● EXERCISE DATA:
*** Block opens ***

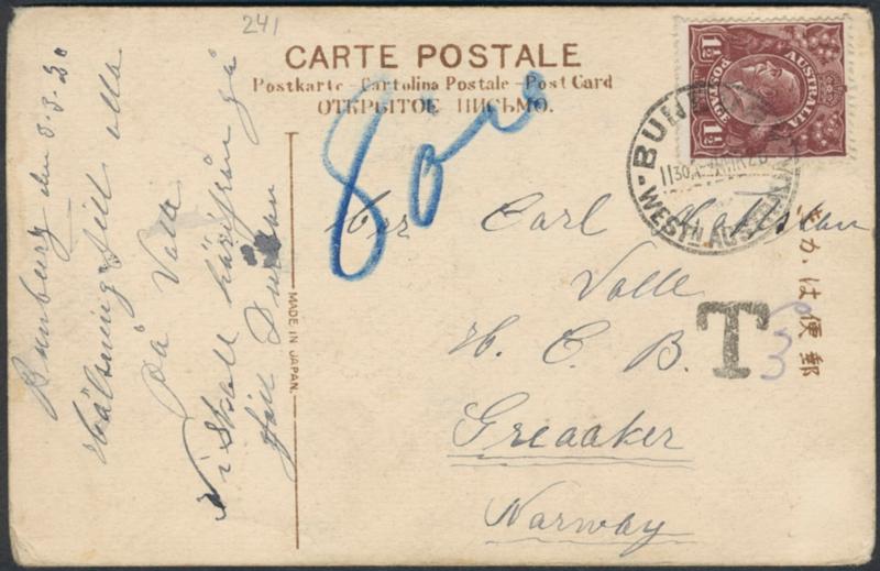 Australia, , Post card sent to Norway 1920 franked with 1½ d. Postage due 8 öre. (Image1)
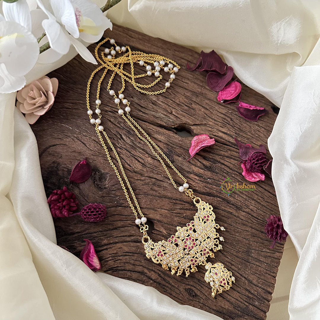 This stunning AD stone pendant chain adds a touch of elegance to any outfit. Featuring sparkling stones and a delicate chain, it is the perfect accessory for a sophisticated and...
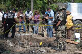 ACAPULCO, GUERRERO, 03NOVIEMBRE2010.- Personal de la Procuraduría General de Justicia del estado y de la (PGR), y elementos de la Marina, realizaron trabajos de excavación en una huerta localizada en el poblado de Tuncingo, donde hasta el momento se han localizado 18 cuerpos, los cuales presuntamente podrían ser vinculados con los 20 michaocanos desaparecidos desde el mes pasado. FOTO: JORGE ALBERTO HERNÁNDEZ/CUARTOSCURO.COM

*** Block closes ***

● WORK TO COMPLETE: Output all of the data above exactly; no pictures should appear.

● OUTPUT:
 Australia, , Post card sent to Norway 1920 franked with 1½ d. Postage due 8 öre. (Image1)
 This stunning AD stone pendant chain adds a touch of elegance to any outfit. Featuring sparkling stones and a delicate chain, it is the perfect accessory for a sophisticated and...
 ACAPULCO, GUERRERO, 03NOVIEMBRE2010.- Personal de la Procuraduría General de Justicia del estado y de la (PGR), y elementos de la Marina, realizaron trabajos de excavación en una huerta localizada en el poblado de Tuncingo, donde hasta el momento se han localizado 18 cuerpos, los cuales presuntamente podrían ser vinculados con los 20 michaocanos desaparecidos desde el mes pasado. FOTO: JORGE ALBERTO HERNÁNDEZ/CUARTOSCURO.COM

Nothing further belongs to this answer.